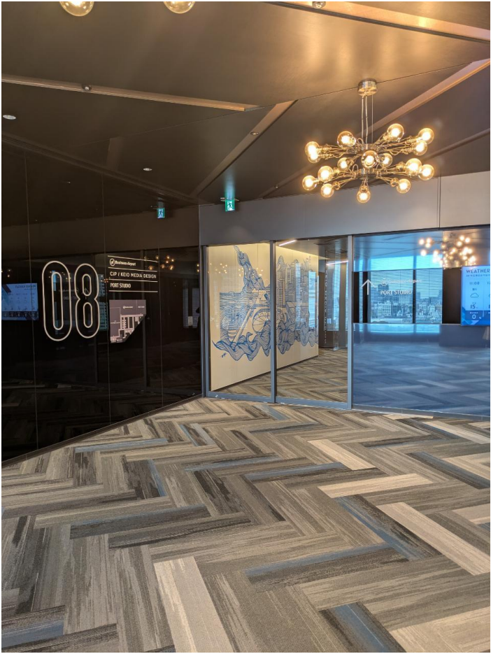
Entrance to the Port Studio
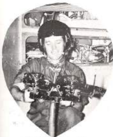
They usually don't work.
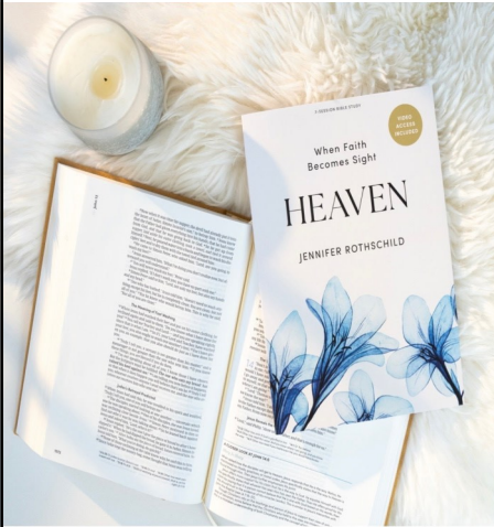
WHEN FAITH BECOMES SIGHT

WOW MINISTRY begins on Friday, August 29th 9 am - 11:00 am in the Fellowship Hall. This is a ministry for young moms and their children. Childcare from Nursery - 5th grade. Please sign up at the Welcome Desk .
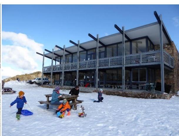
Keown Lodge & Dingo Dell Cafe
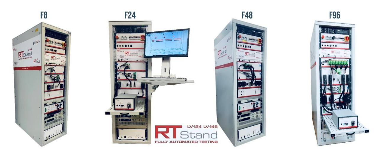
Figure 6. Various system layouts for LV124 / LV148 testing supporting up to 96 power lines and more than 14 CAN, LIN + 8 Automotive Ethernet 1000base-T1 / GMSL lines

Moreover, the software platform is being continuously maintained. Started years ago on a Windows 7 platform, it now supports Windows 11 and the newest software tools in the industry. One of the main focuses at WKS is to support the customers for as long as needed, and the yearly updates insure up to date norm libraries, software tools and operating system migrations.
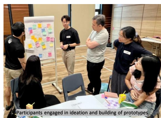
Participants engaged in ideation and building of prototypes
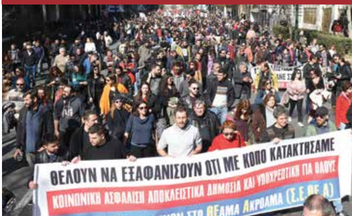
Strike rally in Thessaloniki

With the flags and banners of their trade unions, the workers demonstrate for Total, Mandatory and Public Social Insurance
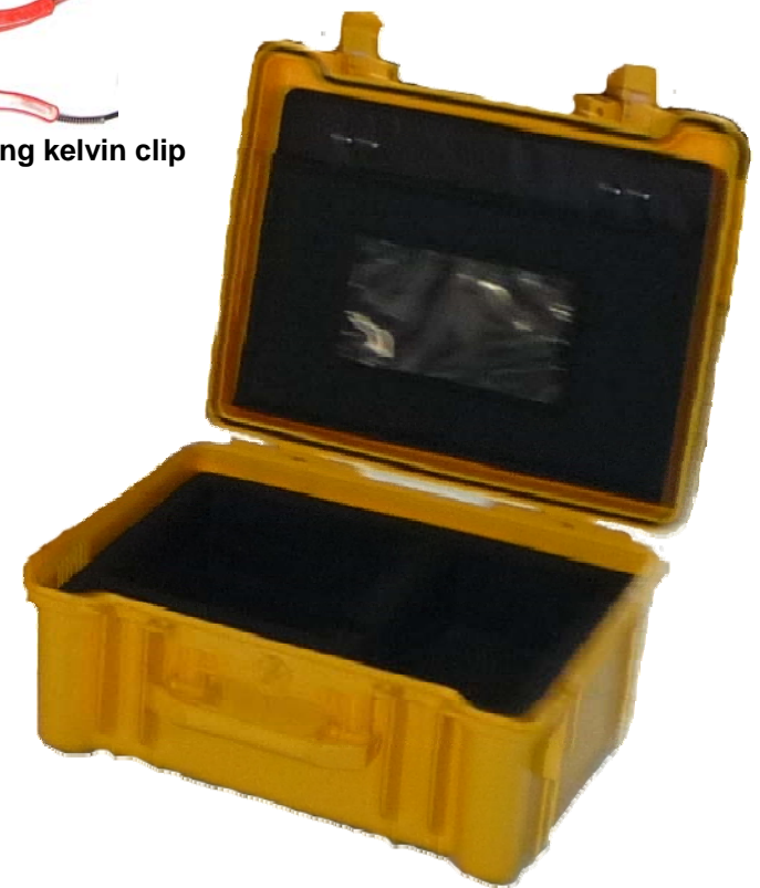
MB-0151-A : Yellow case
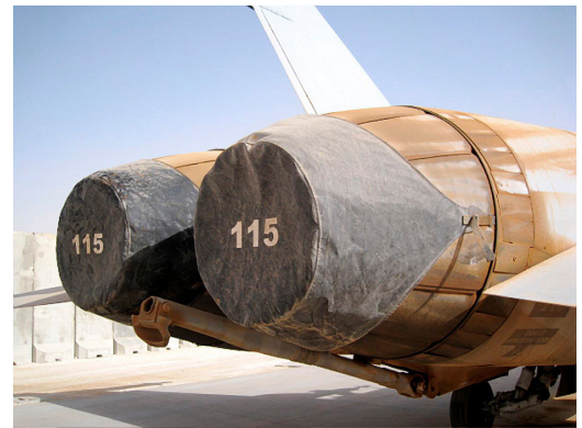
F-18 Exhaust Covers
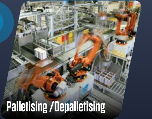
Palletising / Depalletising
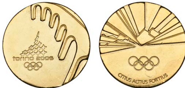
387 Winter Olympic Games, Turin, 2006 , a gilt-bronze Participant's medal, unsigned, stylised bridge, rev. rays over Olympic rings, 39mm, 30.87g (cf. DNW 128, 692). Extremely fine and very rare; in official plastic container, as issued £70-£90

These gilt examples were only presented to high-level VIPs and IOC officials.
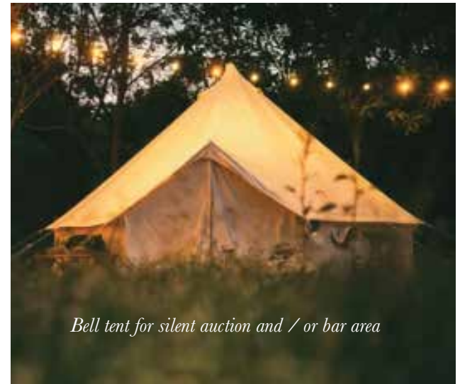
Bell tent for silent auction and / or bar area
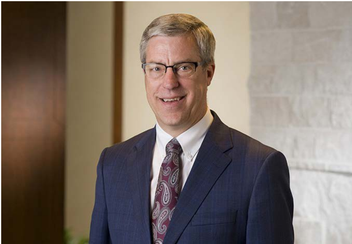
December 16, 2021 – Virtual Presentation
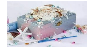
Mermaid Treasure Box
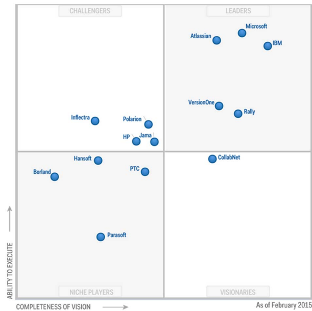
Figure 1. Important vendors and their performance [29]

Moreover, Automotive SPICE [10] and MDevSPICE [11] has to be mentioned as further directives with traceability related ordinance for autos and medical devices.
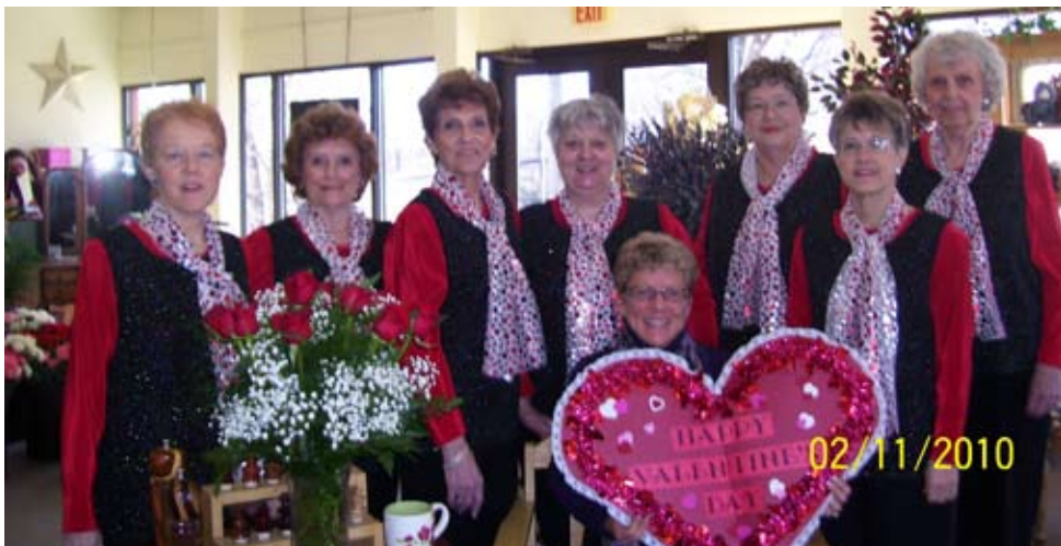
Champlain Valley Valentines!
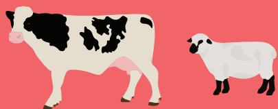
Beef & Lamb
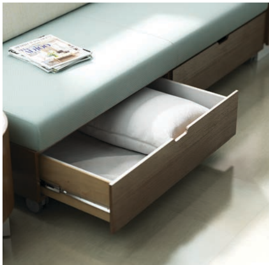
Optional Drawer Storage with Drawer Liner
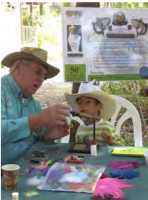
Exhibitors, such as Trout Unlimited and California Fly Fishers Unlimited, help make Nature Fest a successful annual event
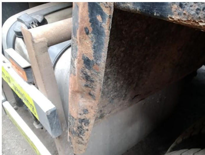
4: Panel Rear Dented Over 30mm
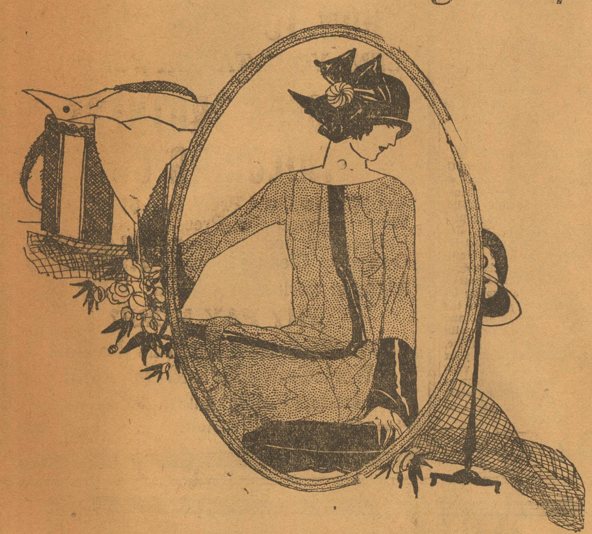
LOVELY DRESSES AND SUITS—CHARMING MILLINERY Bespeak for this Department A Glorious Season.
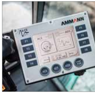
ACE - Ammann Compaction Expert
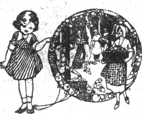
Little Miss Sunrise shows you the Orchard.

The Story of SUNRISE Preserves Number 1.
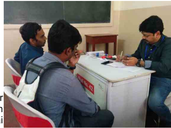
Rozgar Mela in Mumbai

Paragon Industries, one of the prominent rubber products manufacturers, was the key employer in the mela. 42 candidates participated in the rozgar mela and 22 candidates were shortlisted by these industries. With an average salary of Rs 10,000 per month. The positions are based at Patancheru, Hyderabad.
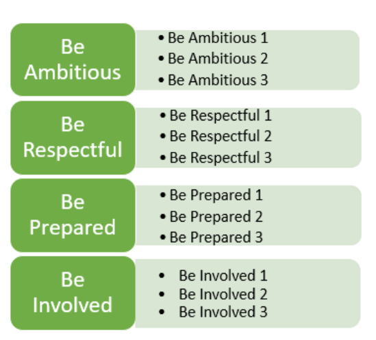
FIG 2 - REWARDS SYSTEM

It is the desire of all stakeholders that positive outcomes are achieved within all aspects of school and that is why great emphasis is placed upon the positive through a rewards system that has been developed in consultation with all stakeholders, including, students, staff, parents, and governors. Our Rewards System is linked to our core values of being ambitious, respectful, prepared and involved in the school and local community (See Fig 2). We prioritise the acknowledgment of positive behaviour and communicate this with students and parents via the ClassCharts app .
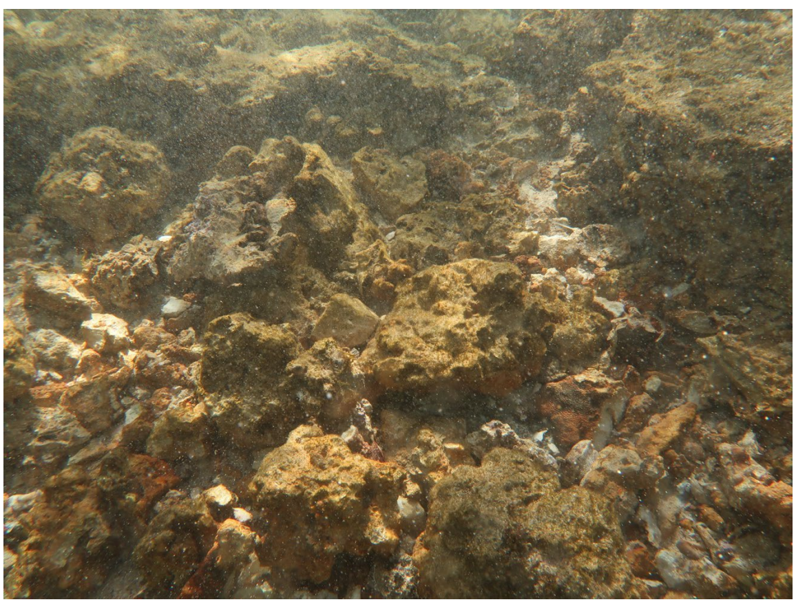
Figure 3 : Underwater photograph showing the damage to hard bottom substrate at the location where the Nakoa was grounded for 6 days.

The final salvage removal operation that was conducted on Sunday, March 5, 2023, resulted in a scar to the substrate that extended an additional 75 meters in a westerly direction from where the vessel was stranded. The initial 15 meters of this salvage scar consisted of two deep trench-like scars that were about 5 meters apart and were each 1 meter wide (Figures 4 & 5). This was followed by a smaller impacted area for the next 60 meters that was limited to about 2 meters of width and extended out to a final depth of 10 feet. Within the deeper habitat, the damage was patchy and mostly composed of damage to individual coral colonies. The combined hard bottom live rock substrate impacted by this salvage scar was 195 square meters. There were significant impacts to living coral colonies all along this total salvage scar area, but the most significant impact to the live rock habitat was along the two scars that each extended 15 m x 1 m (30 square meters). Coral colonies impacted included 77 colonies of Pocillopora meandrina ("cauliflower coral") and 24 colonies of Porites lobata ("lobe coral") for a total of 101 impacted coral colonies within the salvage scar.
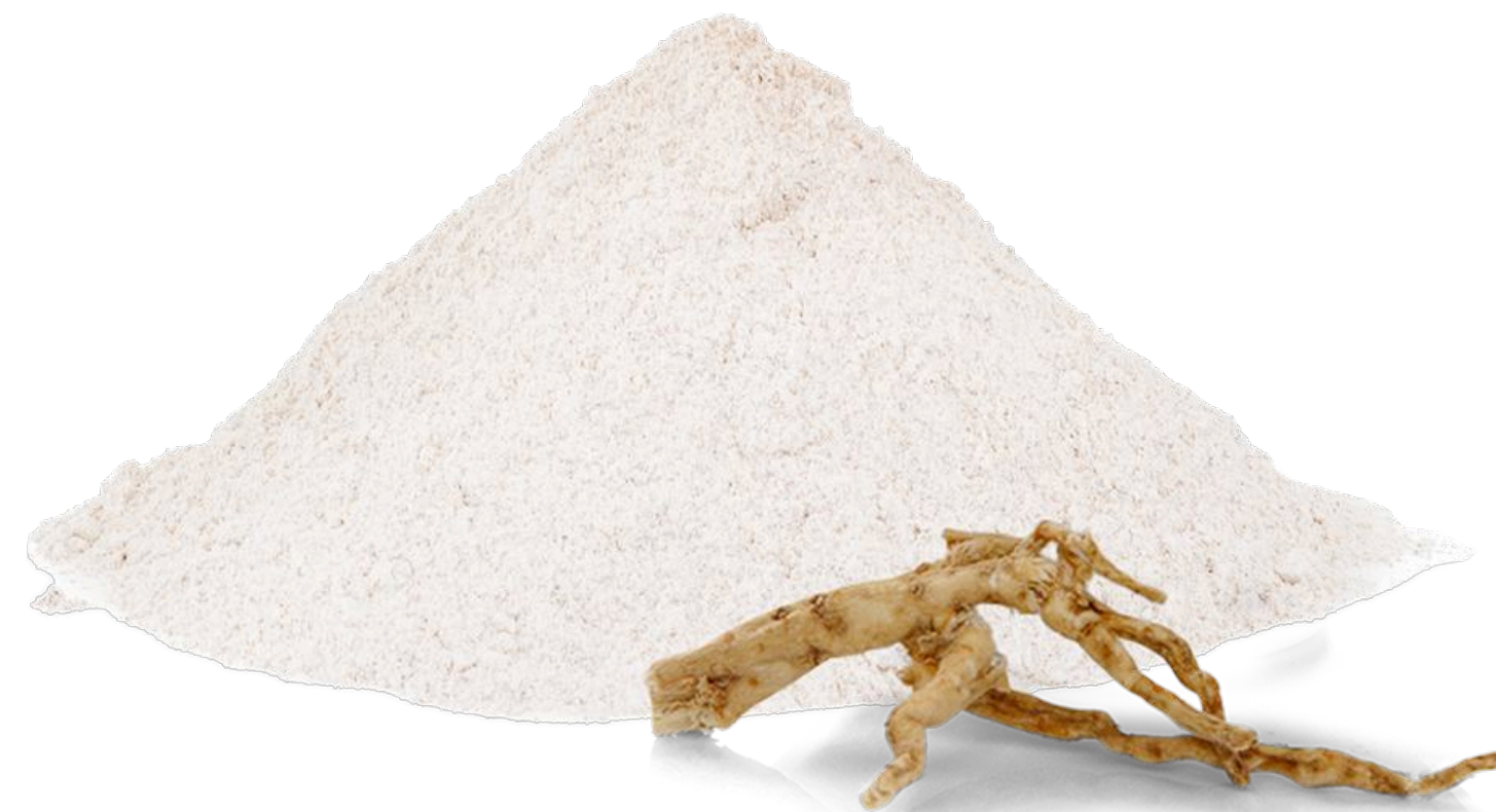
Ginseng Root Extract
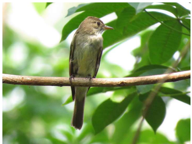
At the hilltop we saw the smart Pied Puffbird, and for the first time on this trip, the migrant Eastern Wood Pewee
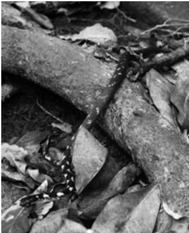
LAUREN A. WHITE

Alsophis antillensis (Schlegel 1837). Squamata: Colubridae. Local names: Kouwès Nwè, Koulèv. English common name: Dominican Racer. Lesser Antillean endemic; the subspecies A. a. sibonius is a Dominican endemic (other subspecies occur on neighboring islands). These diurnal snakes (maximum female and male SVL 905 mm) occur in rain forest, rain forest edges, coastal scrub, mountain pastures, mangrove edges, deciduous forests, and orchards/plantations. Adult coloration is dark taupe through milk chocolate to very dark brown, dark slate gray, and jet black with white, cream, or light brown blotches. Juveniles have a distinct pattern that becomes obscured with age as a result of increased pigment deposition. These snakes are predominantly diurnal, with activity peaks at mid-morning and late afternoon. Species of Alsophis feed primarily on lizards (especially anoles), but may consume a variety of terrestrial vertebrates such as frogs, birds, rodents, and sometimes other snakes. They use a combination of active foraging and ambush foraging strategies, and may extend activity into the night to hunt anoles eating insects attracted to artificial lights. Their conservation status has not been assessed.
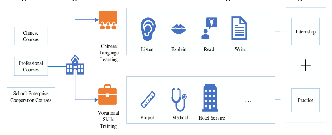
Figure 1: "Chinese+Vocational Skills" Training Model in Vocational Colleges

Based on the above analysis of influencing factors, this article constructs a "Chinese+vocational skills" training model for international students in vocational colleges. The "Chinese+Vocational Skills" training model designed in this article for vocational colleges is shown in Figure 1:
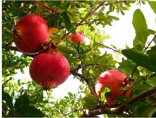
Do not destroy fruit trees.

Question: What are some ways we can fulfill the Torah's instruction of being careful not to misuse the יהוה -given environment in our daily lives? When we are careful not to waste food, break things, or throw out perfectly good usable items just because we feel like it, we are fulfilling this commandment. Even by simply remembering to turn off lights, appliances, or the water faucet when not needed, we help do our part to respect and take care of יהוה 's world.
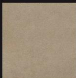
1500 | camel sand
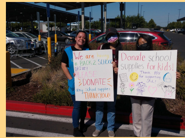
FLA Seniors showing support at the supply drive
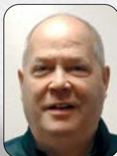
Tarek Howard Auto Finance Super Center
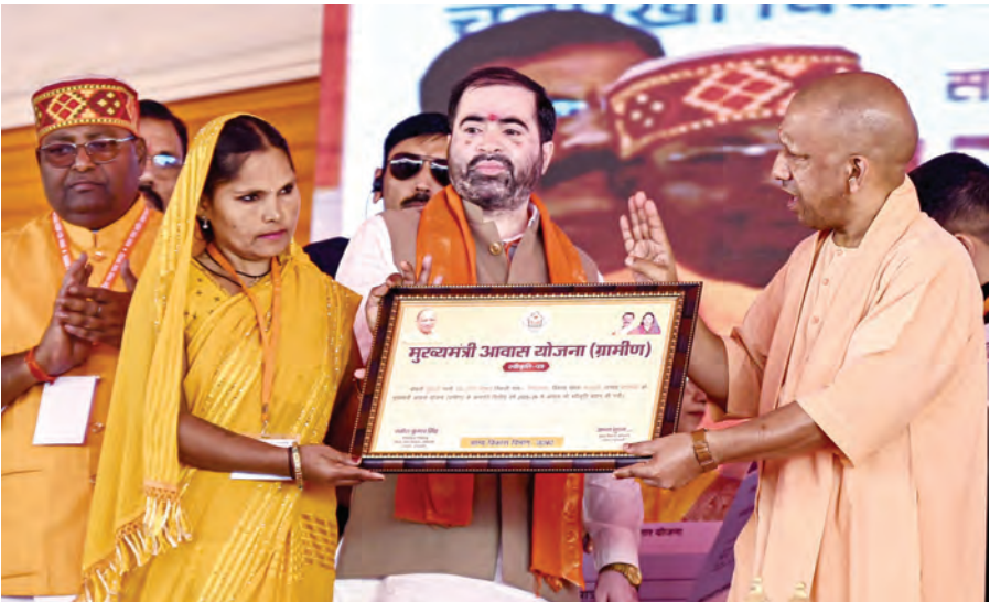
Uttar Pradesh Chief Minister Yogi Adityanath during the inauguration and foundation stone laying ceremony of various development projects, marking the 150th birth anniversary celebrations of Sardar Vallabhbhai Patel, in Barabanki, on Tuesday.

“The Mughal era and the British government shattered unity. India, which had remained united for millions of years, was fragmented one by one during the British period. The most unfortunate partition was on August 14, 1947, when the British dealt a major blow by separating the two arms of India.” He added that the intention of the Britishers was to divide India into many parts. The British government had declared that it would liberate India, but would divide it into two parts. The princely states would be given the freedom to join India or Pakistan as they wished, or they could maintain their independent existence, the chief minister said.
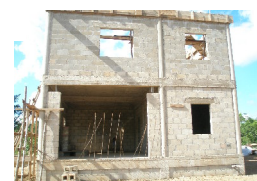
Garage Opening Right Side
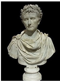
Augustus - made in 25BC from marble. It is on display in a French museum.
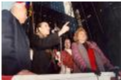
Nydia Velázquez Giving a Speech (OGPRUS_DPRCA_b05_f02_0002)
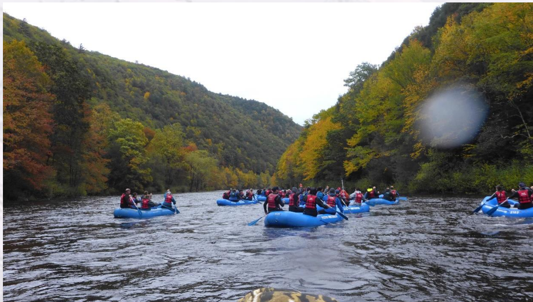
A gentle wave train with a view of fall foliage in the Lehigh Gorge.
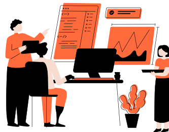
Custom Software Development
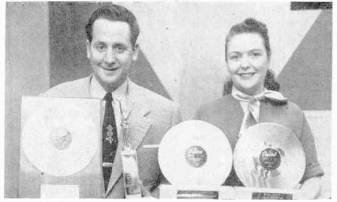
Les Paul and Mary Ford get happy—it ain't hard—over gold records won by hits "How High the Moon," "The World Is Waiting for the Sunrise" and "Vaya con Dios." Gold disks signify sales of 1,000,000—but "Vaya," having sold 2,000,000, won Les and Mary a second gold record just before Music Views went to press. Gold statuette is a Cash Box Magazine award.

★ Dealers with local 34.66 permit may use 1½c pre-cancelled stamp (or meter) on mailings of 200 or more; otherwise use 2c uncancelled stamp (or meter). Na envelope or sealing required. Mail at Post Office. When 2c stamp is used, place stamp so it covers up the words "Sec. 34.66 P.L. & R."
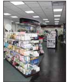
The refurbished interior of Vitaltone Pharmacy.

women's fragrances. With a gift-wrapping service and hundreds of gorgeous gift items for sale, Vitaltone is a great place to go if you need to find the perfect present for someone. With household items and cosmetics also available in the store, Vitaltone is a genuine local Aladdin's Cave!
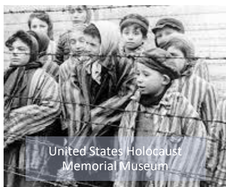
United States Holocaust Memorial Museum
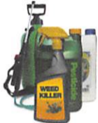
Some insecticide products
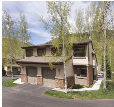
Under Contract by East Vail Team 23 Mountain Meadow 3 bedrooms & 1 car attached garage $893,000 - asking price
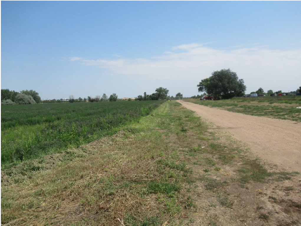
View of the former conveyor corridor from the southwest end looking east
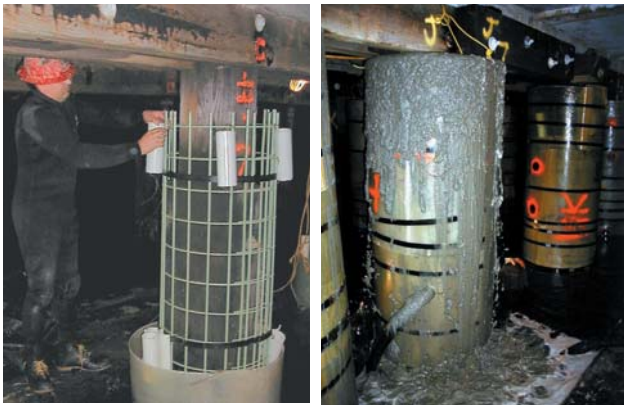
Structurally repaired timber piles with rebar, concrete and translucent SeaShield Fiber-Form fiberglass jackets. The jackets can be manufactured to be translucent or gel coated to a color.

What the exercise asks:
Pictures aside, print exactly the lines above starting with the one containing "Participants engaged in" and going on through the one containing "Palletising / Depalletising".

Response:
Participants engaged in ideation and building of prototypes
Strike rally in Thessaloniki

With the flags and banners of their trade unions, the workers demonstrate for Total, Mandatory and Public Social Insurance
MB-0151-A : Yellow case
F-18 Exhaust Covers
Palletising / Depalletising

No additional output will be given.